Let's evaluate the predictions over all seasons using the log-loss curve as we did for benchmark models. We can do this by creating a function that wraps around the essential part of the code for making the prediction. The code below takes a while and should ideally be run in parallel.

def evaluate(sm, season):
    data = make_dataset.get_train_data_v1(season=season)
    teams = set(data['team1'].unique()).union(data['team2'].unique())
    team_f2id = dict(enumerate(teams, 1))  # start from 1 for stan's one-based indexing
    team_id2f = {v:k for k, v in team_f2id.items()}
    stan_data = {
        'T': len(teams),
        'N': (data.tourney == 0).sum(),
        'N_tourney': (data.tourney == 1).sum(),
        'j': data['team1'].map(team_id2f).values,
        'k': data['team2'].map(team_id2f).values,
        'team1win': data.loc[data.tourney == 0, 'team1win'].values
    }
    fit = sm.sampling(data=stan_data, iter=1000, chains=4)
    la = fit.extract(permuted=True)  # extract MCMC samples
    pi = la['pi']
    y_true = data.loc[data.tourney == 1, 'team1win'].values
    return log_loss(y_true, np.median(pi, axis=0))

log_losses = []
seasons = range(1985, 2019)
for season in seasons:
    print('season = '.format(season))
    log_losses.append(evaluate(sm=sm, season=season))
with open("bradley-terry-logloss.pkl", "wb") as f:
    pickle.dump({'log_losses': log_losses, 'seasons':seasons}, f, protocol=-1)

Here is the resulting log-loss curve over all seasons.

fig, ax = plt.subplots()
log_loss_df = pd.read_csv('./log_loss_benchmark.csv').set_index('season')
log_loss_df['bradley-terry'] = log_losses
log_loss_df.plot(ax=ax)
ax.set_title('Comparison of Models by Log Loss')
ax.set_ylabel('Log Loss')
show_fig('log_loss.png')

log_loss.png

The predictive performance of Bradley-Terry model is comparable to the SeedDiff benchmark model.

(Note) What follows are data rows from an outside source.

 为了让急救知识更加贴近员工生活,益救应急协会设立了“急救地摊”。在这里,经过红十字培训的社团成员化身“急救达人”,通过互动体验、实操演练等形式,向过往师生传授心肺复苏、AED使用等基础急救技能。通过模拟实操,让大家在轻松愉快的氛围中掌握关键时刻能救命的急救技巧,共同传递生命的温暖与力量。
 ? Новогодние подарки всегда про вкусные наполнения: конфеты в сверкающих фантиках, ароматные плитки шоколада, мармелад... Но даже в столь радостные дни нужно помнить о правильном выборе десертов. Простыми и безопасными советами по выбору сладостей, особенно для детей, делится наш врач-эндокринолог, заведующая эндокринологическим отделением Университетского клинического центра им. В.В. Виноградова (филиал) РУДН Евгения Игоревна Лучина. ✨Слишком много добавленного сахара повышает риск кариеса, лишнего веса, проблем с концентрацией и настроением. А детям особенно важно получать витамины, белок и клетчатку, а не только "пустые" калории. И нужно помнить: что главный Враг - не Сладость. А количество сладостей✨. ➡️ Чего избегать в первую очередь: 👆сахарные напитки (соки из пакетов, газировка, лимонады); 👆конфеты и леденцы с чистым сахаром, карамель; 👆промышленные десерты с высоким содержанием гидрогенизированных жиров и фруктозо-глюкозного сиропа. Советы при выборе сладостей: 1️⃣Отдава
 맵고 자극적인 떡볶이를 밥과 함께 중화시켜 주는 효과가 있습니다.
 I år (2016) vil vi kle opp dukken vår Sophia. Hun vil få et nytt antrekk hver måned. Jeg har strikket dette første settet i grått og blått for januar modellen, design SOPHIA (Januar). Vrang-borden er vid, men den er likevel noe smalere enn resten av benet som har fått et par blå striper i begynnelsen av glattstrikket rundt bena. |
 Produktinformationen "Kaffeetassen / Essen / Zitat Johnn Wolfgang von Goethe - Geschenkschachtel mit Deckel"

This is not surprising because they're using almost the same information.

4 Discussion

4.1 So what have we gained from all this work?

  • A modeling framework

    As mentioned above, Bradley-Terry model is a special case of logistic regression. This is a model we can build on by adding additional features. We'll also be able to expand on the model by using hierarchical Bayesian models.

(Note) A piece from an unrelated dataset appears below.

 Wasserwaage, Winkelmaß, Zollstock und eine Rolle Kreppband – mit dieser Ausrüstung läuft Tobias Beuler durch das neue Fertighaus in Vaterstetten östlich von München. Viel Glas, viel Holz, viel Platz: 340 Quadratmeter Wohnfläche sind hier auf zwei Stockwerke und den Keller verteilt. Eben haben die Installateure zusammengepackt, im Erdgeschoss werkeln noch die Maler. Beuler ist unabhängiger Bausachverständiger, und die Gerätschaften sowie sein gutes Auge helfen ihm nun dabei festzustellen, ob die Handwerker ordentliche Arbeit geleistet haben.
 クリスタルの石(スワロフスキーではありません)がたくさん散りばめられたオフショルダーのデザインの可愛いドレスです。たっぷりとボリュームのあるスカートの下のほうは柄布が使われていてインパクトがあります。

  • Estimated levels of all teams

    While only the top 68 teams are seeded, we now have an estimate of the levels of every team in NCAA. We might be able to leverage this for future models.

  • Insight about competitiveness

    The estimated levels of the teams gives us our first look at defining and quantifying competitiveness. The posterior histograms can also help visualize the competitiveness of the games.

4.2 Next Steps

4.2.1 Include additional features

Is there an effect of having won in a previous meeting during the season

  • Does a pair of teams play each other more than once in a season?

4.2.2 Use score difference information

The current model estimates the team levels only based on whether a team won the game or not. For example, whether a team won by 20 points or 2 points is irrelevant for this model. We'll try to expand the model to account for this.

4.2.3 Allow parameters to vary by conference

We might expand the variance component to \(\sigma_{k[i]}^2\) where \(k\) indexes over conferences. This might help us compare the competitiveness of the conferences.

4.2.4 Use T-distribution as prior for team levels

Normal distribution can be restrictive. For example, it implicitly constrains the estimates so that 68% of the team levels are within one standard deviation, 95% within two, and so on. We might use a T-distribution (infinite mixture of normals) to build a more robust model.

4.2.5 Model the data-shift

An important question is whether there's any systematic difference between regular season games and tournament games. For example,

  • does a team get better or more competitive during the tournament?
  • does a team get less competitive at the end of regular season when they've secured a tournament seed?
  • what happens to a team if a key player is injured at the end of the season and will miss the tournament?